EXTRACTED MATERIAL
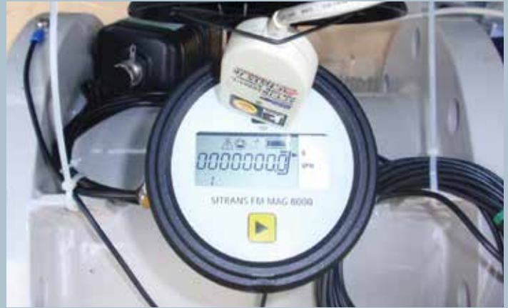
An infrared IrDA interface offers the ability to upload or download data via laptop.

Subject to change without prior notice Order No.: PIFL-00079-0719 All rights reserved ©2018 Siemens Industry, Inc.
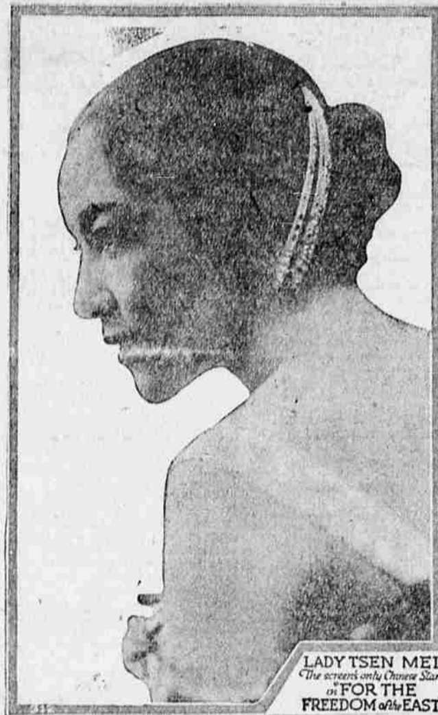
LADY TSEN MEI The screen's only Chinese Star of 'H ORIENT' FOR THE FREEDOM OF THE EAST

The first Chinese screen actress to rise to stellar fame is Lady Tsen Mei, who seeks public acclaim thru "For the Freedom of the East," a cinema drama of compelling patriotic power, at the Rialto tonight and tomorrow.
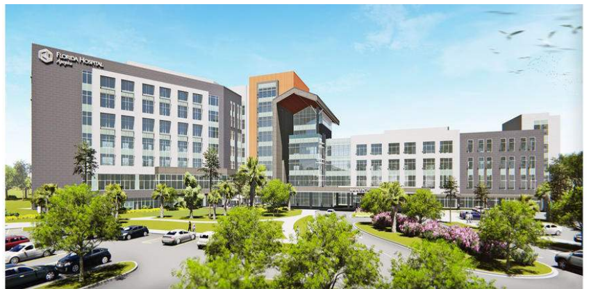
MAIN ENTRY EXTERIOR CONCEPT RENDERING
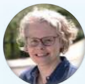
Prof Audrey Moores McGill University

The conference will feature short courses, keynote lectures and panel discussions from leading experts:
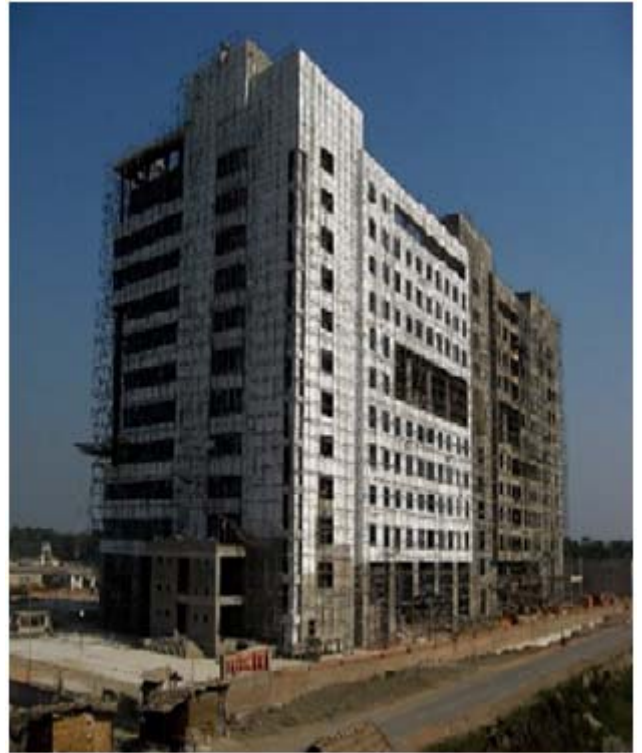
IT PARK KOLKATA, DLF
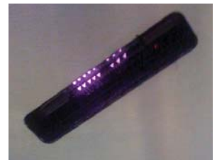
Advanced sensor technology
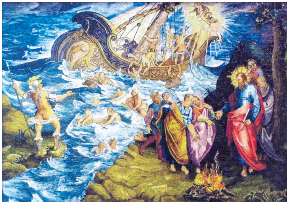
A mosaic about St Paul's rescue on Malta, inspired by a fresco in the Vatican by Nicolò Circignani and given to Malta by Pope Benedict XVI.
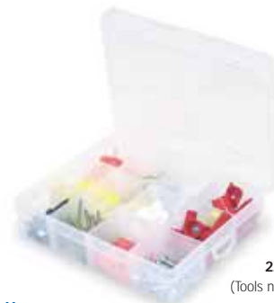
2ZY17 (Tools not included)
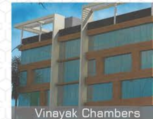
Vinayak Chambers Pollock Street, Kolkata
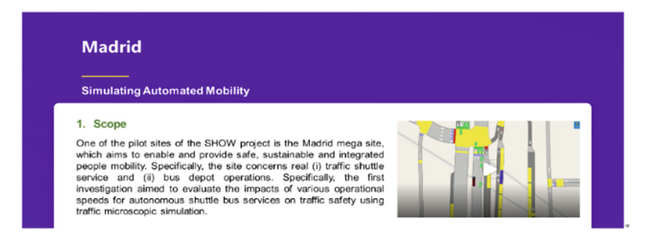
Fig. 2 Madrid pilot site: scope.
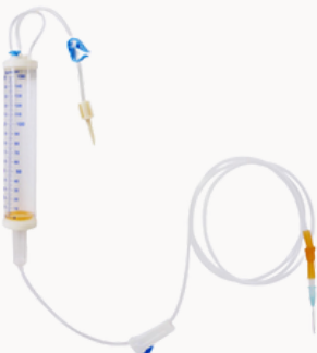
MEASURE VOLUME SET
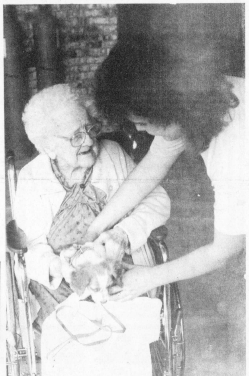
A PUP TO PET delighted a resident of Deport Nursing Home last week when Lamar County 4-H

The City of Deport has asked for a 90-day extension before Texas-New Mexico Power Company raises their rates so that the proposal can be further studied.
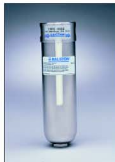
Types 33S6 and 45S6

LP-Type cartridges with integral prefilters are recommended for filtration of all liquids with high solids content, including samples from cooling water, ground water and effluent streams.
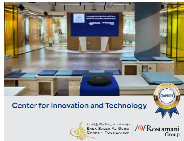
Center for Innovation and Technology

Through every initiative, The Hope Fund reflects a shared commitment to building a healthier future, made possible by the generosity of donors who believe that quality healthcare should be within everyone's reach.

EXERCISE
Quote the records above in full, dropping each picture.

WRITTEN RESPONSE
An infrared IrDA interface offers the ability to upload or download data via laptop.

Subject to change without prior notice Order No.: PIFL-00079-0719 All rights reserved ©2018 Siemens Industry, Inc.
LADY TSEN MEI The screen's only Chinese Star of 'H ORIENT' FOR THE FREEDOM OF THE EAST

The first Chinese screen actress to rise to stellar fame is Lady Tsen Mei, who seeks public acclaim thru "For the Freedom of the East," a cinema drama of compelling patriotic power, at the Rialto tonight and tomorrow.
MAIN ENTRY EXTERIOR CONCEPT RENDERING
Prof Audrey Moores McGill University

The conference will feature short courses, keynote lectures and panel discussions from leading experts:
IT PARK KOLKATA, DLF
Advanced sensor technology
A mosaic about St Paul's rescue on Malta, inspired by a fresco in the Vatican by Nicolò Circignani and given to Malta by Pope Benedict XVI.
2ZY17 (Tools not included)
Vinayak Chambers Pollock Street, Kolkata
Fig. 2 Madrid pilot site: scope.
MEASURE VOLUME SET
A PUP TO PET delighted a resident of Deport Nursing Home last week when Lamar County 4-H

The City of Deport has asked for a 90-day extension before Texas-New Mexico Power Company raises their rates so that the proposal can be further studied.
Types 33S6 and 45S6

LP-Type cartridges with integral prefilters are recommended for filtration of all liquids with high solids content, including samples from cooling water, ground water and effluent streams.
Center for Innovation and Technology

Through every initiative, The Hope Fund reflects a shared commitment to building a healthier future, made possible by the generosity of donors who believe that quality healthcare should be within everyone's reach.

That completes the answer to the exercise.